A History of the Colour Green

The colour green is the most common we see on earth. If you take a step back, you’ll see that our planet is a swirl of green and blue. Take a closer look and you’ll even find little green plants growing between the cracks in the pavement. Thanks to the green chemical chlorophyll, most plants on earth are green in some aspect. The bounty of green evolution has to offer means that even animals take on a green hue in order to camouflage themselves. The colour of life and vitality, green has inspired artists for centuries, despite being unusually hard to work with.

People have searched for centuries for a truly green pigment. Despite the wide variety of green in nature, it was notorious for being a hard colour to come by and work with—green plant dye quickly turns brown. The ancient Egyptians tried using the mineral malachite, however it was expensive and had a tendency to turn black. The ancient Greeks tended to not use the colour, and so it was not included as one of the four classic colours of Greek painting—yellow, red, black and white.

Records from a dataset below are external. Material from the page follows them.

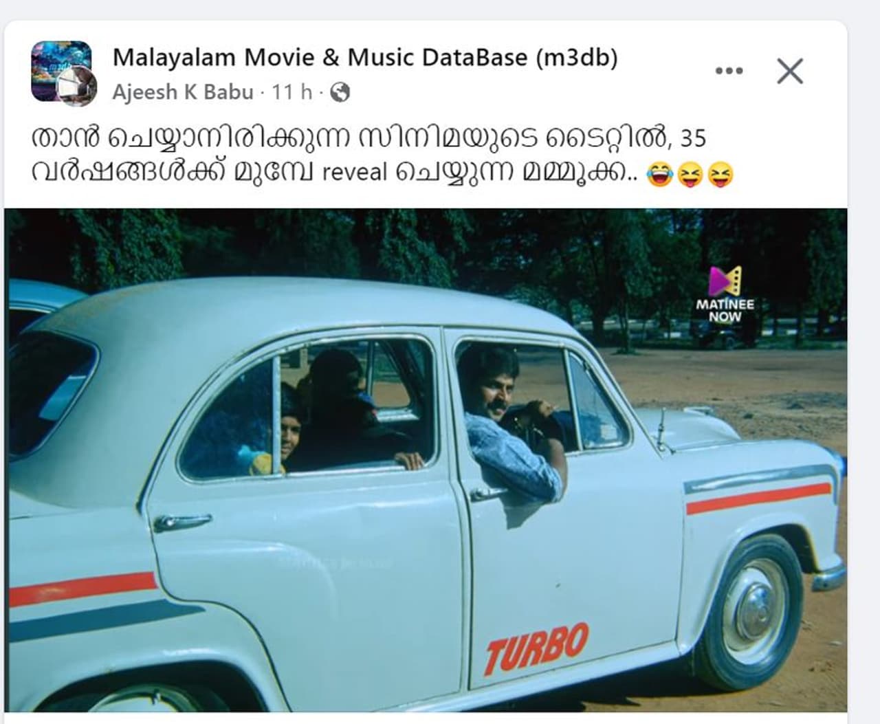 1988 ല് ഇറങ്ങിയ മനു അങ്കിള് എന്ന ചിത്രത്തിലെ ഒരു രംഗത്തില് മമ്മൂട്ടി ഓടിക്കുന്ന അംബാസിഡര് കാറില് 'ടര്ബോ' എന്ന് എഴുതിയിരിക്കുന്നു എന്നാണ് കണ്ടെത്തല് 'താൻ ചെയ്യാനിരിക്കുന്ന സിനിമയുടെ ടൈറ്റിൽ, 35 വർഷങ്ങൾക്ക് മുമ്പേ പുറത്തുവിട്ട മമ്മൂക്ക' എന്നാണ് പോസ്റ്റിന്റെ ക്യാപ്ഷന്.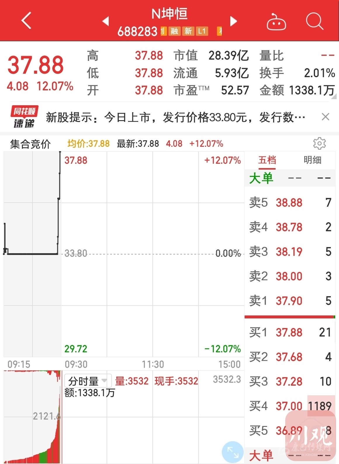 2月15日上午,四川企業成都坤恒順維科技有限公司在上海證券交易所西部基地敲響上市鑼聲。首日發行價33.8元,開盤價為37.88元,漲幅12.07%。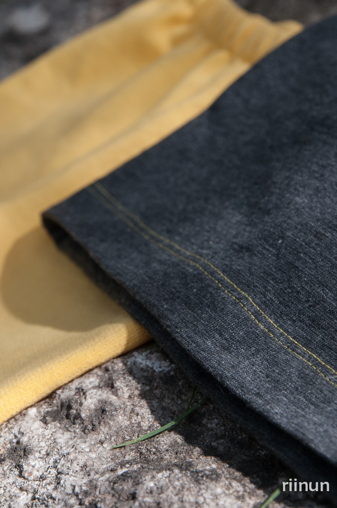 Facebookin ompeluryhmässä heitettiin haaste keltaisesta ompeluksesta. Ensin ajattelin, ettei minulla edes ole keltaista kangasta, mutta sitten silmiin osui työpöydällä lojuvat keskeneräiset housut. Nehän olivat keltaiset!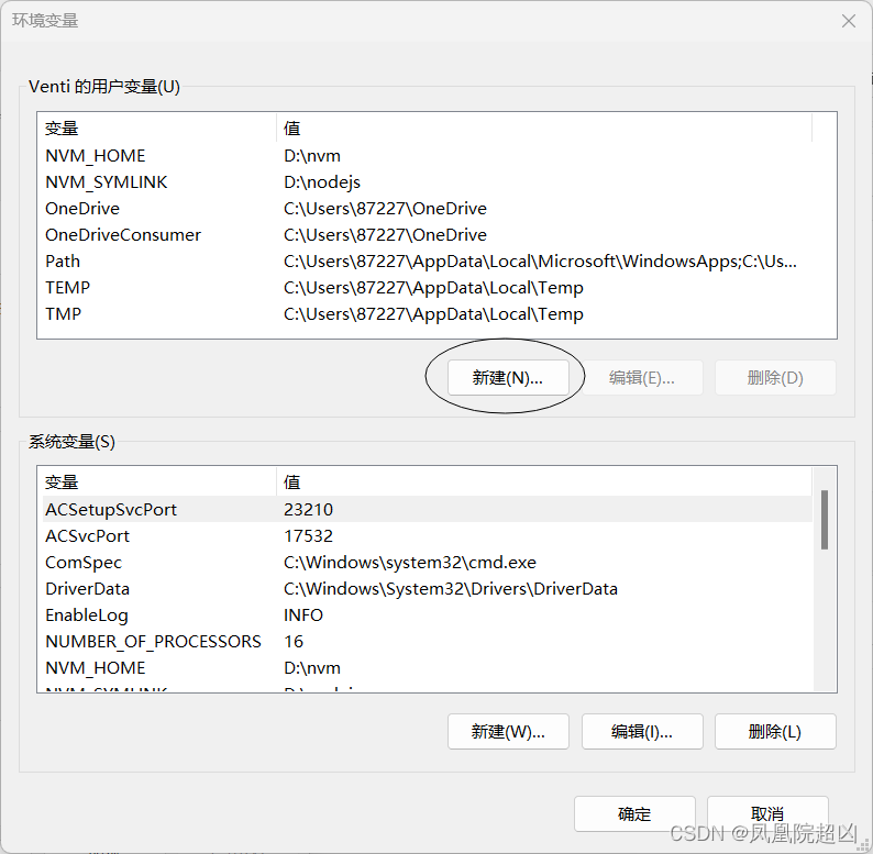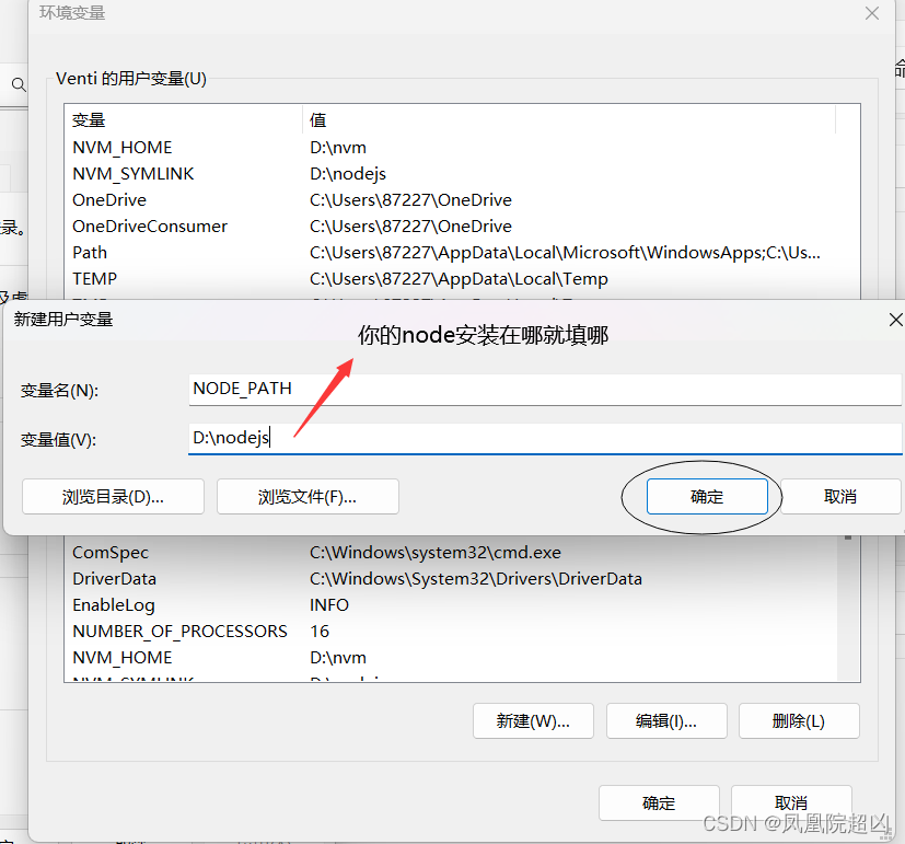 2.用户变量处点击新建。变量名:NODE_PATH ,变量值:node安装文件夹的绝对路径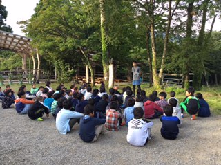 2日目の朝を迎えました。みんな元気です。朝の集い、そして、記念撮影のために、モニュメントに向かいます。このあと、朝食です。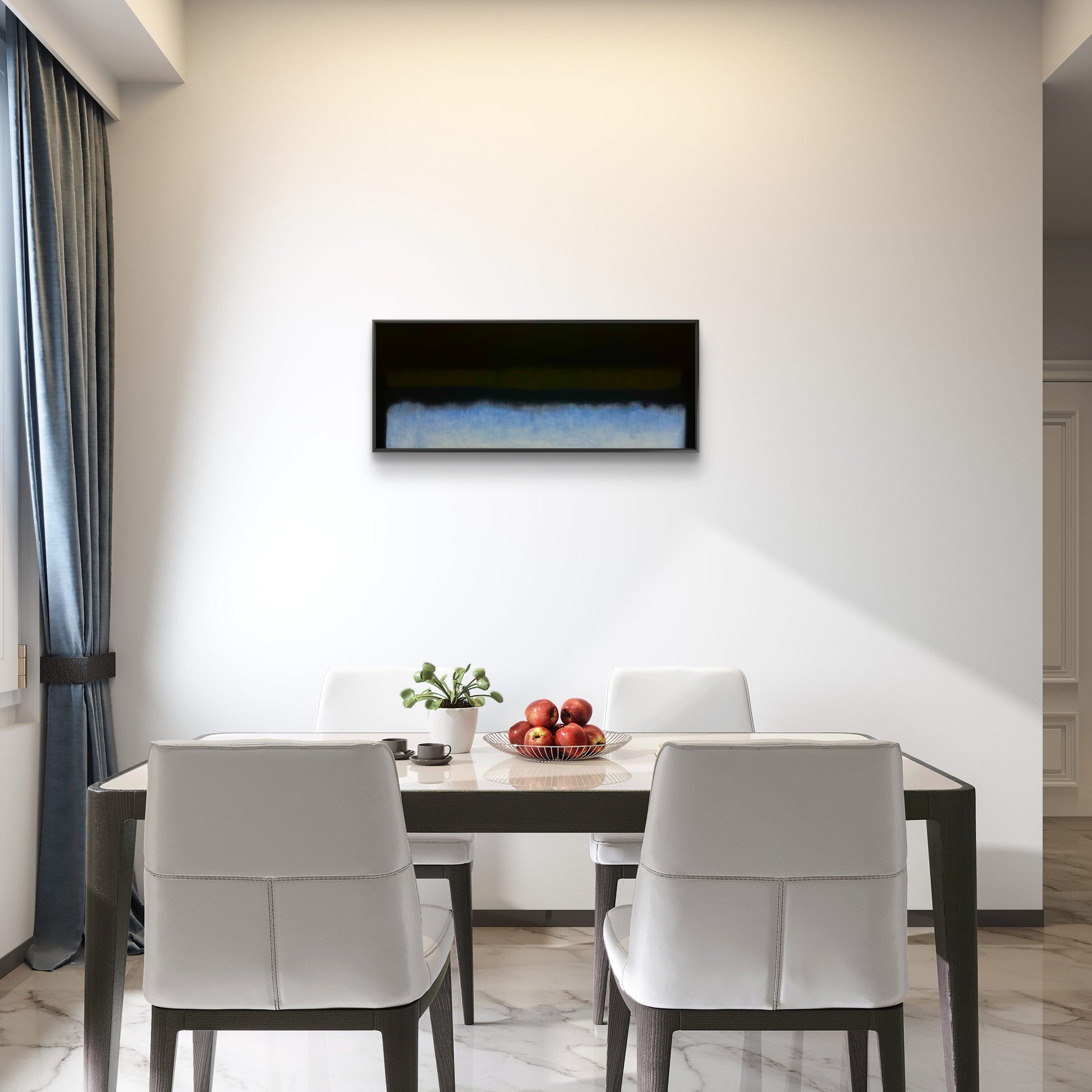 Through subtle transitions and textured surfaces, the painting invites the viewer to pause and experience a meditative landscape that exists somewhere between abstraction and memory. The piece captures the emotional stillness found in nature’s horizons while maintaining a powerful contemporary presence.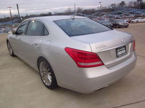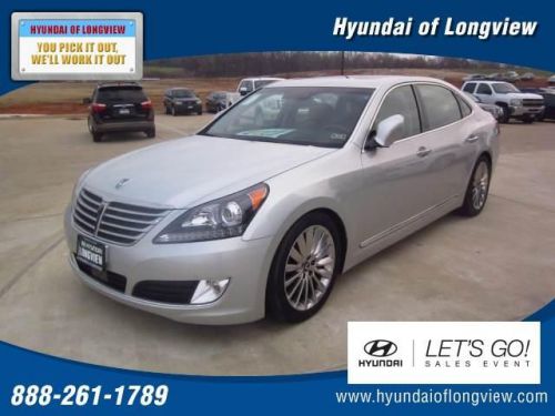 2014 Hyundai Equus 4dr Sdn Ultimate Hyundai of Longview presents this 2014 Hyundai EQUUS 4dr Sdn Ultimate. Represented in SILVER and complimented nicely by its *NOT LISTED interior. Under the hood you will find the V8 5.0 Liter coupled with the AUTO 8-SPD W/SHIFTRONIC. Warranty Information: Purchase this Hyundai with confidence knowing it is backed with a 60 month / 60000 mile warranty. Options and Safety Features: Nicely equipped with ABS And Driveline Traction Control, Airbag Occupancy Sensor, Blind Spot Sensor, Blue Link Emergency S.O.S, Curtain 1st And 2nd Row Airbags, Driver Knee Airbag and Rear Side-Impact Airbag, Dual Stage Driver And Passenger Front Airbags, Dual Stage Driver And Passenger Seat-Mounted Side Airbags, Electronic Stability Control (ESC), First Aid Kit, Forward Collision Mitigation, Front And Rear Parking Sensors, Low Tire Pressure Warning, Outboard Front Lap And Shoulder Safety Belts -inc: Height Adjusters and Pretensioners, Rear Child Safety Locks, Restricted Driving Mode, Side Impact Beams, Warning Lane Departure Warning and ABS (4-WHEEL), AIR COND REAR, AIR CONDITIONING, AM/FM STEREO, BACKUP CAMERA, BLIND-SPOT ALERT, BLUE LINK TELEMATICS, BLUETOOTH WIRELESS, COOLED SEATS, DAYTIME RUNNING LIGHTS, DUAL AIR BAGS, DUAL POWER SEATS, DVD SYSTEM, F&R SIDE AIR BAGS, HEAD CURTAIN AIR BAGS, HEATED SEATS, HID HEADLAMPS, KEYLESS ENTRY, KEYLESS START, LEATHER, LEXICON 7.1 DISCRETE SOUND, MOON ROOF, MP3 (SINGLE DISC), PARKING SENSORS, POWER DOOR LOCKS, POWER STEERING, POWER WINDOWS, PREMIUM WHEELS 19+, SIRIUSXM SATELLITE, STABILITY CONTROL, TILT WHEEL, TRACTION CONTROL. Hyundai of Longview WE WILL BEAT ANY DEAL! At Hyundai of Longview our goal is to provide you with an excellent vehicle purchase and ownership experience. For the finest in personal customer service, please contact the Internet Department directly through this website. Also, please note, we take great care to keep our listings up to date, however our inventory changes daily and "You pick it out and We'll work it out!"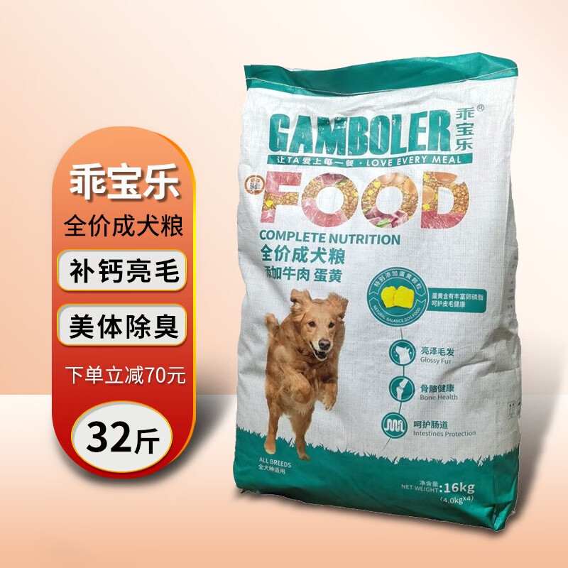 麦富迪(Myfoodie)乖宝乐迪狗粮32斤成犬粮牛肉蛋黄金毛边牧大型犬通用提升幼犬免疫 成犬粮 16kg

It was the ancient Romans that came up with a solution. They soaked copper plates in wine and created verdigris, a green pigment obtained through the weathering of the metal. They used this dye wherever they could, from mosaics to frescos and stained glass. This method was also used by medieval monks to colour manuscripts.

The colour green soon became the colour of the gentry, as red represented nobility and brown and grey represented peasants. This is why the seats in the House of Commons are green and red in the House of Lords. The green costume of da Vinci’s Mona Lisa (c.1503-06) shows that she was a member of the gentry.

Hans Holbein’s The Ambassadors (1533), a painting portraying two powerful-looking men, has drawn much interest for its potential symbolism and meaning. Not only is it a double portrait, but it also features incredibly detailed instruments and devices that have fascinated art historians through the ages. The colour green is prominent in the curtain at the top of the painting, while a distorted skull lies across the bottom. The life represented by the green in this painting juxtaposes the ominous mortality of the skull.

Despite the colour green’s positive connotations, it has also taken on associations with sickness and the unnatural. Thanks to The Wizard of Oz, the colour green is associated with the supernatural as it is the colour of the Wicked Witch’s skin. In the spinoff musical Wicked there is the opposing views of the colour green, firstly in a negative context with the colour of Elphaba’s skin: “Like a froggy, ferny cabbage, the baby is unnaturally GREEN!”

However, in both musicals, the Emerald City is met with amazement and wonder. This indicates that the colour green is bad when associated with complexion. It is the opposite of red—the colour of blood—in colour theory. If a person’s face is ‘rosy’ and ‘flushed’, they are considered healthy; when they are sick their skin is called ‘green’. In the original Addams Family television show, they used green makeup on the actress playing Morticia Addams to counteract redness on the skin, making her appear very pale on the black and white film.

Of course, another common connotation of the colour green is jealousy. It was actually Shakespeare who coined the phrase ‘green-eyed monster’, causing this connection with the colour and the emotion to come into common consciousness.

After the ‘green-eyed monster’ came the green fairy. Over the years, green has had a huge influence on art. It is also the colour of the spirit of artists: absinthe. Picasso, Modigliani and Van Gogh, among many others, were known absinthe drinkers. We see in the painting Green Muse (1895) by Albert Maignan the image of the green fairy, representing absinthe, overcoming a poet.

In today’s world green is used to represent the environment, with political groups whose views centre on environmental policy using the colour as their party’s badge. Green is a key part of the world around us. It has a tendency to be overlooked due to its ubiquity. We take the colour for granted despite artists striving and struggling to create the stable pigment for centuries.